Updike Takes On…

Media - 1969.47.61 - SAAM-1969.47.61_2 - 90585
Edward Hopper, People in the Sun, 1960, oil on canvas, Smithsonian American Art Museum, Gift of S.C. Johnson & Son, Inc., 1969.47.61
Kriston
December 19, 2005

I nearly forgot about the recent NPR interview with John Updike, author of Still Looking, a collection of essays on artists, along with scores of novels and literary essays. Updike always emphasizes the fact that he writes about art as an enthusiastic amateur; there's little in the way of scholarship or truly revealing analysis in his work. But a better wordsmith is hard to come by. Consider just a few telling quotes from the interview:

  • On Edward Hopper: "He always tells us something about the human mystery, about the sense that being a human being is a problem, is interesting, is strange even."
  • On Jackson Pollock: "[His work] is an ultimate of a kind. You can't out-Pollock Pollock. There have been very few Pollock imitators, because he did it."
  • On Andy Warhol: "If you read his statements, they sound ironic. . . . He said, 'If you want to know all about Andy Warhol, just look at the surface. There is nothing behind it.' That is facing the facts of modern existence. There's an awful lot of surface existence with nothing behind it."
  • On Pennsylvania: "He was a man from a humble background, and a hard worker.

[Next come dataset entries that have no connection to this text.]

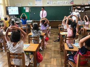 2年生は、2校時算数の学習で、担任の菱沼先生、学力向上担当の加藤先生、支援の川田先生の3名の先生方に教えてもらいました。まとめの後の復習をする場面でした。数直線に数字を書く問題やdL、L、mLの問題、足し算・引き算の問題です。分からない子に寄り添いながら、丸をつけながらです。頑張っていた2年生でした。
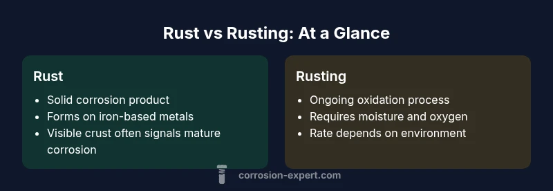 Rust and rusting are often used interchangeably, but they describe different things. Rust refers to the solid corrosion product (iron oxide) that forms on iron-based metals, while rusting is the chemical process that creates that oxide when iron, moisture, and oxygen interact. Understanding this distinction helps in choosing prevention and remediation strategies.
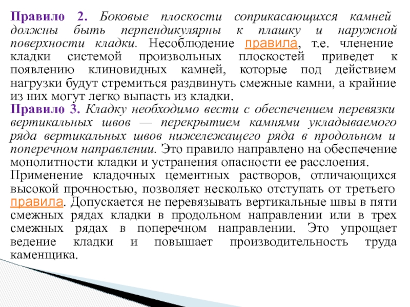 Слайд 13Правило 2. Боковые плоскости соприкасающихся камней должны быть перпендикулярны к плашку
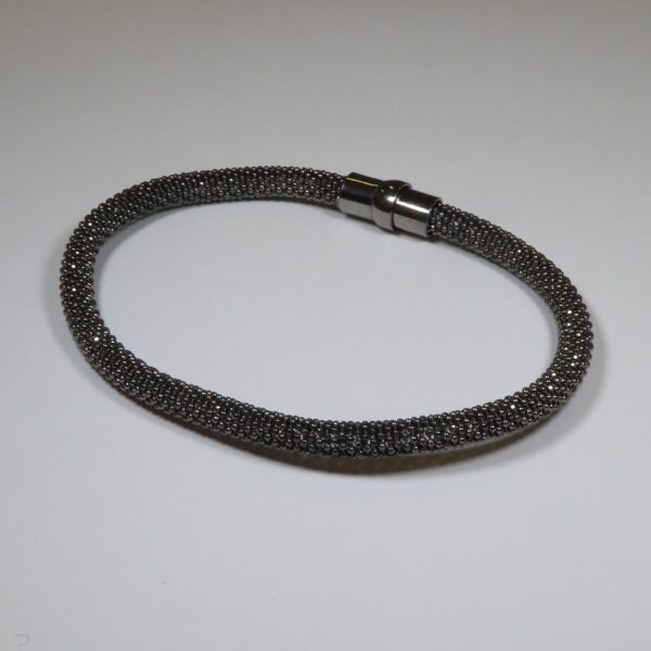Pulsera de malla de tubo. De 5 mm de diámetro y 19 cm de largo. Con cierre de imán. Plata de ley de 925 milésimas.
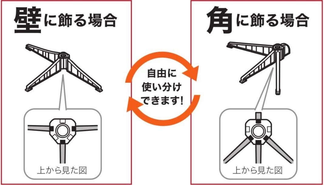①ツリーの脚を組み替えるだけで、壁でも角でもピッタリ置ける省スペースツリー。ハーフツリーとしてもクォーターツリーとしても飾っていただけます。
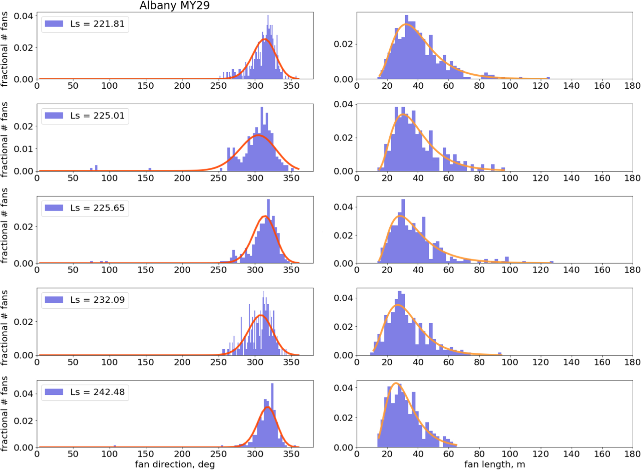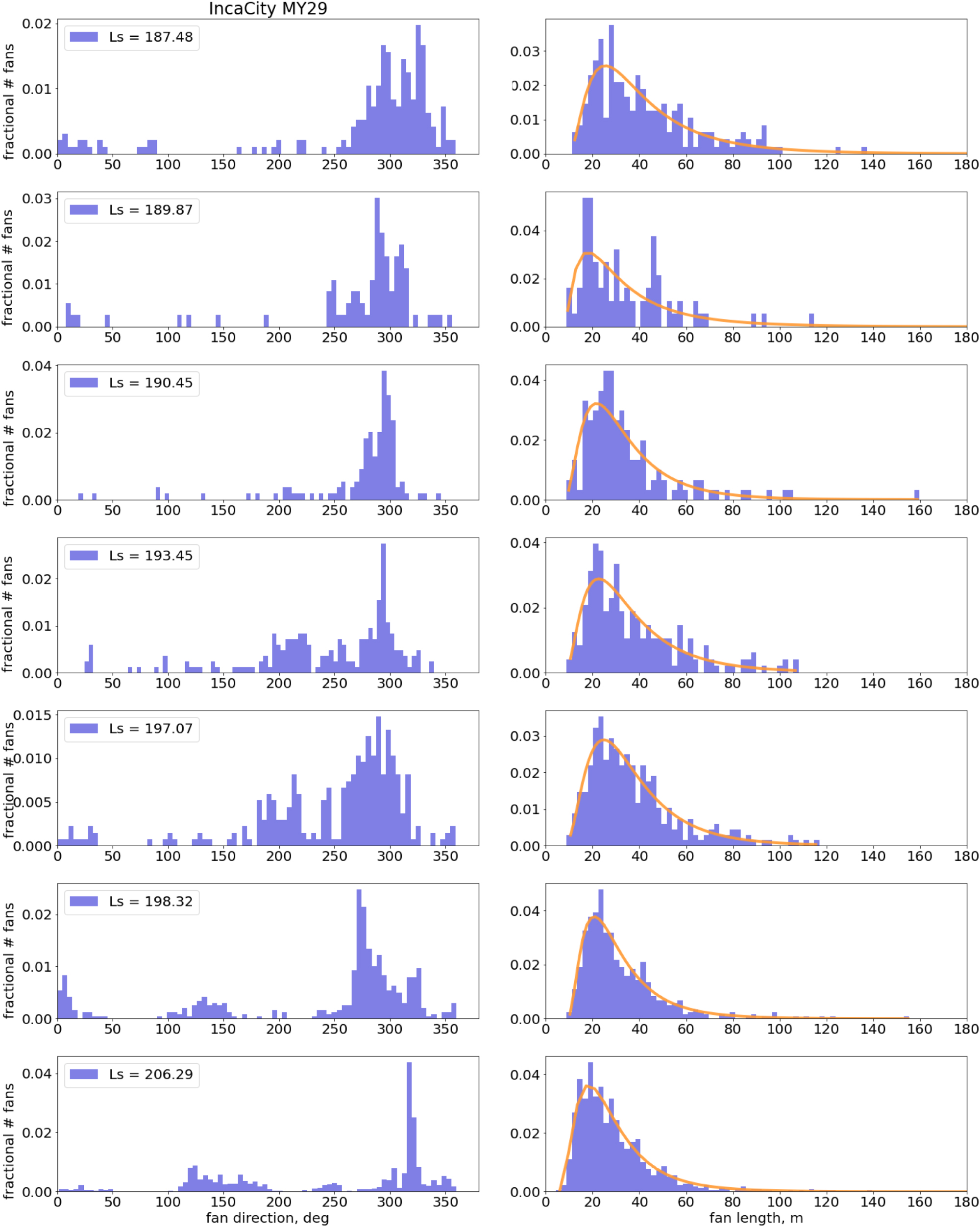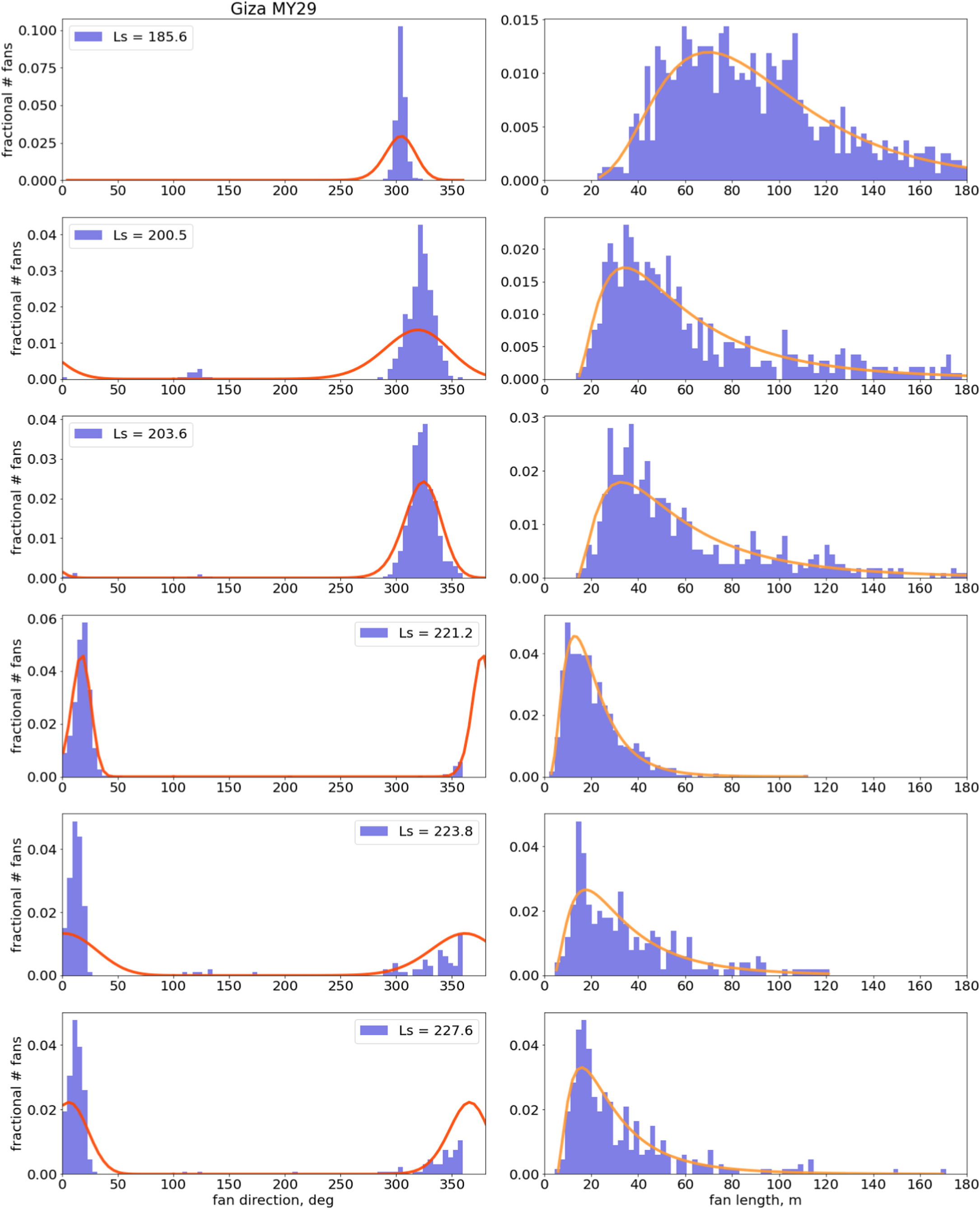 Figure 5. Histograms (blue) showing normalized distributions of P4-derived fan directions (left panels; best-fit Gaussian curves are shown) and fan lengths (right panels; best-fit Weibull function curves are shown) at ROI Giza (84.8 °S, 65.7 °E) for six HiRISE images acquired from Ls 185° to 228° (top to bottom). Y-axis shows fractional number of fans normalized in the way that the area under the histogram integrates to 1.

I kind of feel a soulmate in Andy Warhol." [NPR's Susan Stamberg: "It's just because he's from Pennsylvania."] "That's right, he's from Pennsylvania, the great unironic state. In Pennsylvania, we don't go in for irony, and we take everything very seriously."

Not sure I buy that about Pennsylvania—any state for which Cheez Whiz is in the running for official condiment can't be too serious. But his response to Hopper is spot on. Hopper draws from the great looming mystery, a wellspring of creepiness and insecurity, just under the surface of a superficial and superficially courageous era.

Updike also comments on the differences between writing and painting. This is interesting to me. Updike suggests that that painting simply happens, whereas writing, as a craft, introduces greater compromise and tedium. It's true that the cultivation of writers involves different norms than that of artists: A writer is told all along that he is obligated to his reader and that if a determined readership can't find his meaning, he's to blame. That's a value less circulated among visual artists.

Maybe the grass is always greener for the other genre. But the field of visual art is so expansive, it makes a bad case for comparison. Perhaps writers, with their daily warmups and cooldowns, envy artists working in certain modes that seem to require fewer color tests or sketches. But, then, take an artist like Tom Friedman, who must never really stop picking up pieces of things for his sculptures—surely nobody wants his job.